Tout commence à l’été 2015. Dans la petite ville de Conflans, jolie cité médiévale en banlieue d’Albertville, en Savoie, madame le maire est bien embarrassée par l’ancien couvent de religieux capucins du XVIIe siècle qui se délabre consciencieusement et ne trouve pas d’utilisation satisfaisante depuis maintenant 22 ans.
Le Clos des capucins fut en effet un couvent de 1626 à 1793, date à laquelle ces religieux en furent expulsés. Revenus en 1849, les capucins subissent une deuxième persécution qui aboutit à nouveau à leur dispersion en 1903. Par la loi de séparation de l’Église et de l’État, les bâtiments du couvent se trouvent alors propriété d’associations cultuelles. Cependant, sans religieux, laissés en déshérence, ils sont achetés par la commune d’Albertville et servent successivement d’atelier militaire, de colonie de vacances puis, en 1945, sont donnés à bail au ministère de l’Éducation Nationale pour devenir un lycée ; celui-ci est fermé en 1993. Les bâtiments sont alors squattés et gravement dégradés, les ouvertures sont murées et la nature reprend ses droits : mauvaises herbes, ronciers et arbres fleurissent dans la cour.
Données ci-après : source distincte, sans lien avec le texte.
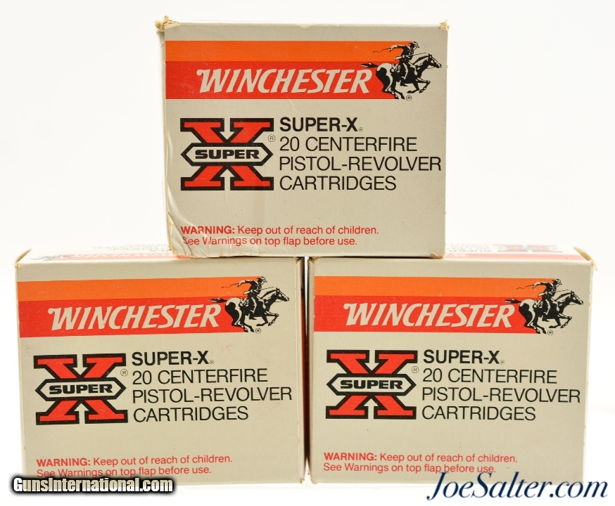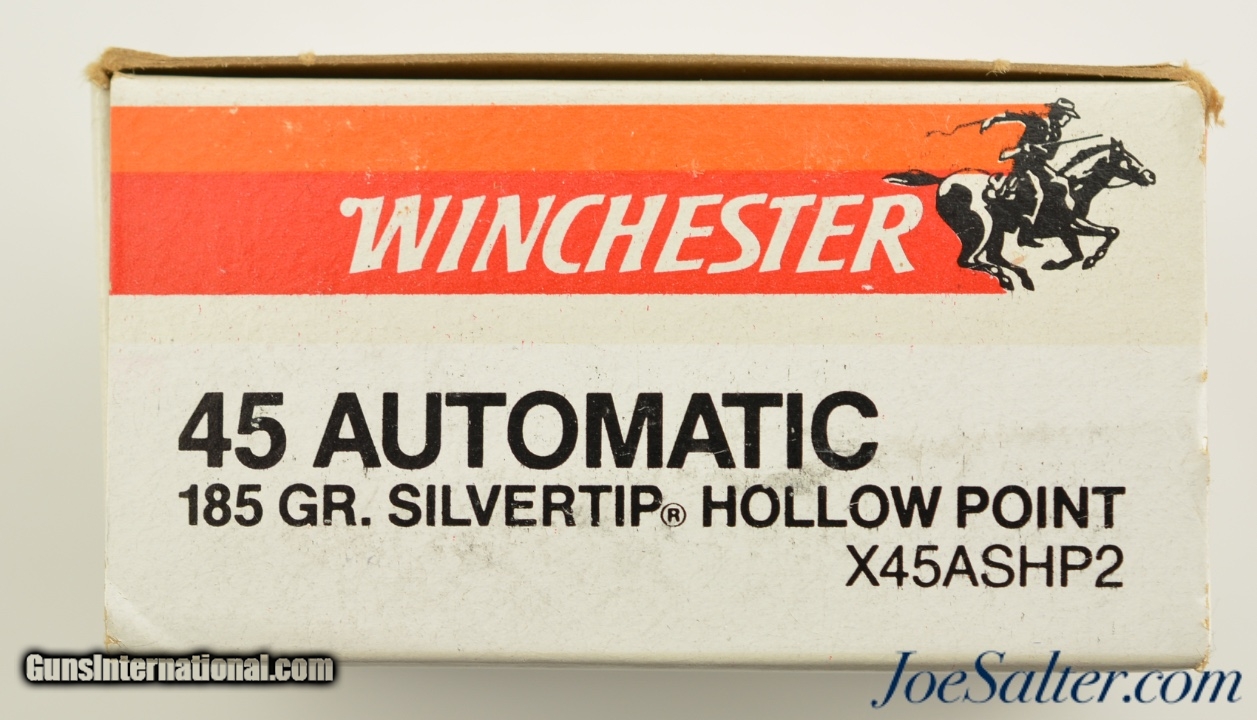 Description: This is 3 full NOS, 20 round boxes of Winchester Super X .45 automatic 185gr. Silvertip HP Ammo. One of the boxes is crunched on one corner with no effect to the ammo. X45ASHP2 SOLD |

Que faire ? Durant cette période, les diverses équipes municipales ont bien tenté quelques solutions mais sans succès.
C’est alors que madame le maire songe, visiblement inspirée du Saint-Esprit, à faire revenir les bâtiments à leurs premiers propriétaires et fondateurs. Juste retour des choses ! Mais dans l’Église de France, il n’y a aucune congrégation religieuse – et surtout pas les capucins ! – pour se charger d’une telle restauration : aujourd’hui, on vend et on brade les églises et les monastères plus qu’on n’en refonde… Sauf que… les capucins d’observance traditionnelle de Morgon sont en recherche de bâtiments car leur rameau est, lui, bien vivace.
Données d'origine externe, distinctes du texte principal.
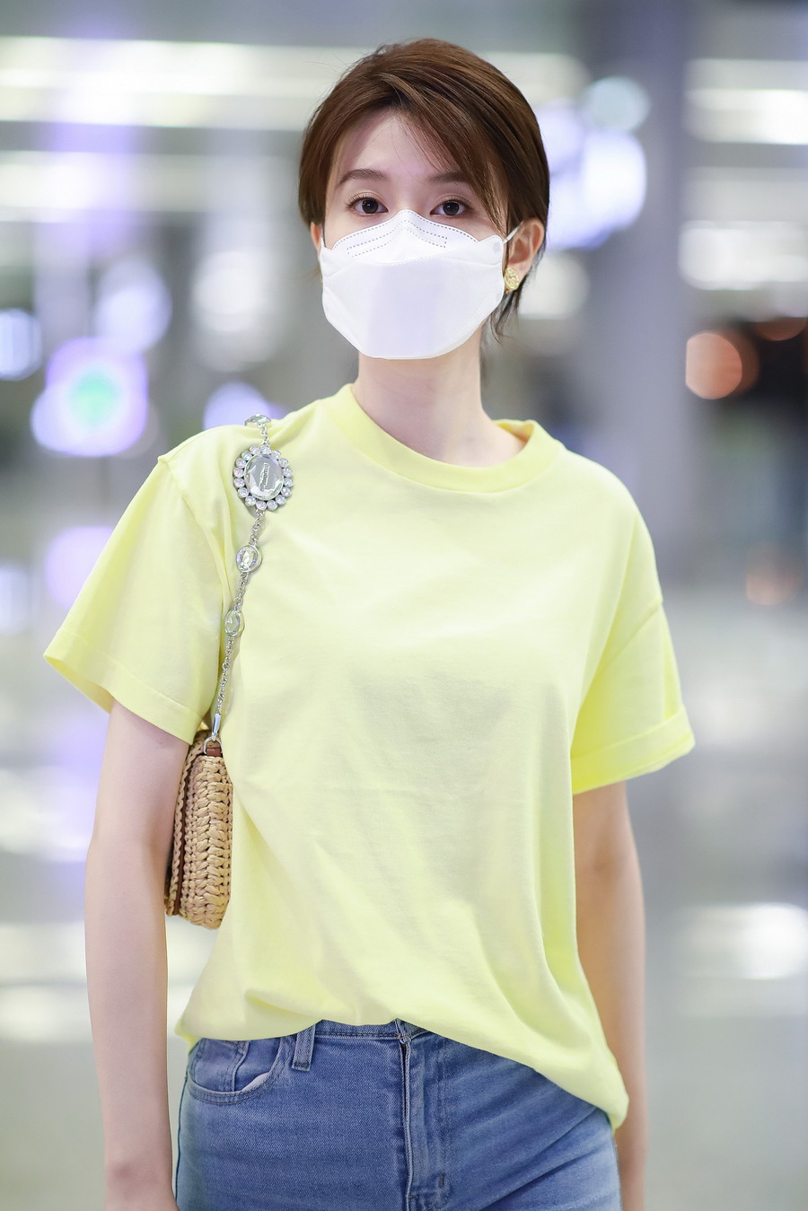 一秒入夏?喬欣私服穿搭堪稱“少女模板“ 黃色短T簡約清新顯元?dú)饣盍?/h1>

Restaurés à partir de 1974 par le père Eugène de Villeurbanne, ils regroupent aujourd’hui, en trois maisons dispersées dans tout le pays, près d’une quarantaine de religieux. Le Père gardien Antoine de Fleurance accepte donc volontiers la proposition du maire d’Albertville.
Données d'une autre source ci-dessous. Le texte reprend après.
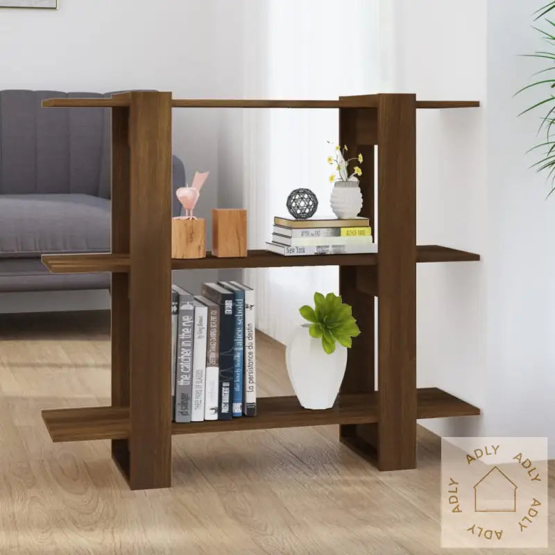Farge: brun eikMateriale: konstruert treSamlet mål: 100 x 30 x 87 cm (B x D x H)Mål hver hylle: 100 x 27 x 35 cm (B x D x H)Kan brukes både som bokhylle og romdeler, og passer sammen med andre møbler til hjemmet og hagemøblerMontering kreves: jaADVARSEL: For å forhindre at produktet velter, bruk de medfølgende festemidlene til vegg.

Mais tout ne va pas se faire facilement : au conseil municipal du 6 juillet 2015, c’est une levée de boucliers dans l’opposition. On agite le spectre des « intégristes », de « l’obscurantisme » et du « sectarisme ». Les passions s’enflamment. Consulté, Mgr Philippe Ballot, archevêque de Chambéry, ne s’oppose pas au projet de madame le maire. Cela ne suffit toutefois pas à calmer les esprits devant cet « ennemi indésirable » que représentent les religieux.
L’affaire est renvoyée au mois de septembre et chaque partie dispose de l’été pour affûter ses arguments. Il faut avouer que l’opposition n’en a guère, en dehors de la peur d’une révolution dans la paisible bourgade savoyarde. La séance du 23 septembre n’apporte rien de nouveau au dossier et, surtout, aucune proposition concrète susceptible de sauver ces bâtiments historiques. Et c’est par la voie de la sagesse qu’un des conseillers municipaux conclut : « Comment quelques moines pourraient mettre en cause la sécurité publique ? » avec leur seule « arme d’assaut » qu’est la prière de la messe et du chapelet.
Le 29 septembre 2015, le conseil municipal vote à la majorité la cession des bâtiments du Clos des capucins aux religieux de Morgon pour l’euro symbolique. Le recours déposé par l’opposition auprès du tribunal administratif, le mois suivant, se voit débouté avec l’amende substantielle de 600 euros.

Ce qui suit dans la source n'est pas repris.